Over the last few months, I have been keenly following the rigor with which the healthcare community is conducting clinical studies during the current pandemic. I was contrasting this with the more free-style approach that we in the industrial data science community use in proving out our models and deploying them. While the stakes are arguably lower, the impact of even a simple mistake can be similar- the performance of your AI model in the lab will not be reproducible in the field. This article series is an overview of common mistakes that I have noticed practitioners in the industrial sector commit while building machine learning models and how to avoid them.

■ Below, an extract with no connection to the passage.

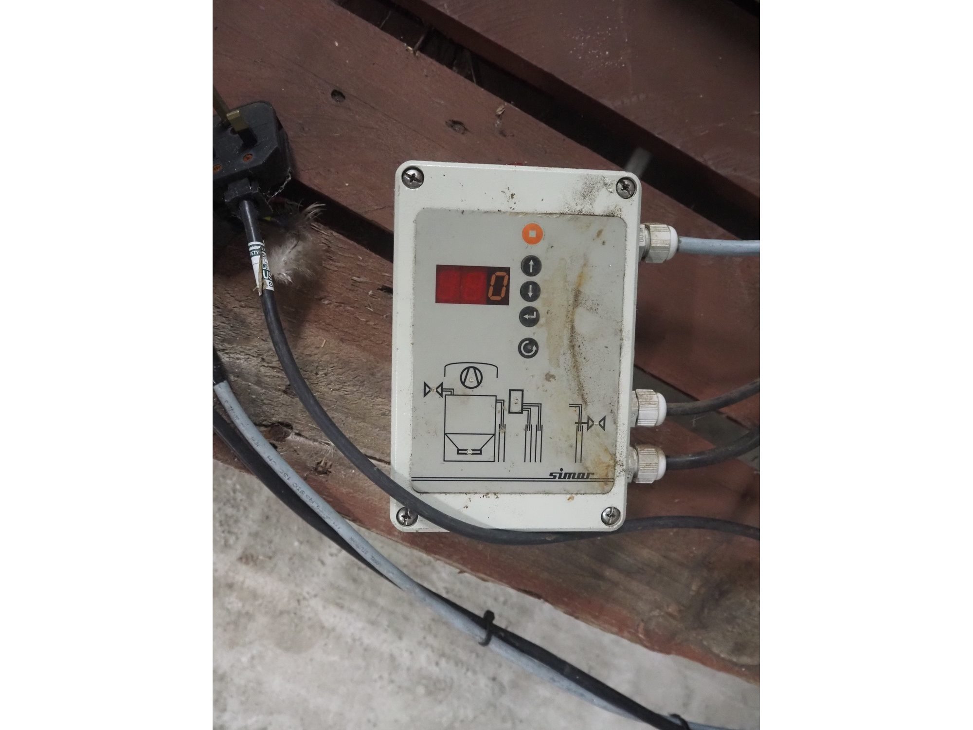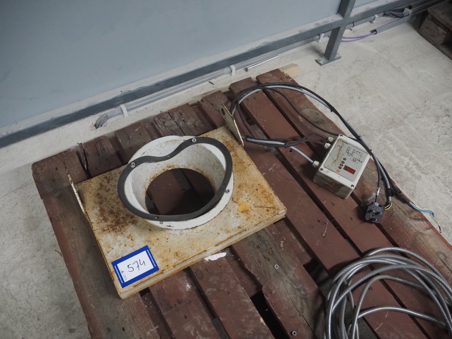 Outfeed gutter with control panel, dimensions: 510 mm x 400 mm x 160 mm. Kavel locatie: Looyenbeemd 11, 5652 BH Eindhoven, Nederland

I hope you will find this article useful if you are:- A subject matter expert in the industrial sector and are looking to move towards building a career in data science
- An executive charged with generating ROI from digital programs
- An industrial data science expert looking to validate your own experience.

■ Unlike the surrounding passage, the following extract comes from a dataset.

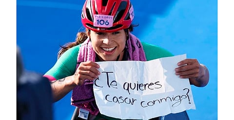 Pese al resultado que tuvo en la competencia, la atleta no titubeó para proponerle matrimonio a su novia Jessica González quien es su entrenadora.
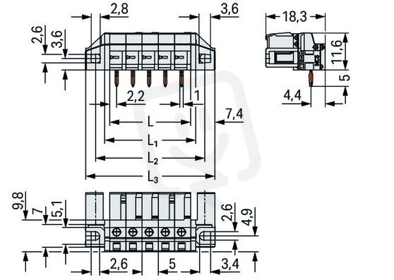 Pružinová svorkovnice THT úhlová 5 mm šedá 11pól. WAGO 722-241/047-000

- Management of machine learning models throughout their lifecycle
- Building end-to-end data integration pipelines from raw data ingestion to analytic output delivery
- Optimization of your models without impacting their generalizability
- Rinse and repeat design patterns that scale to all of your data across the varying modalities, volumes, and velocities.
- How do you and your business leaders decide if your model is worth taking to the field?
- Will your model live up to its lab performance in the field?
- How do you combine your model with legacy reasoning tools or human intelligence to provide the best possible outcomes to your business?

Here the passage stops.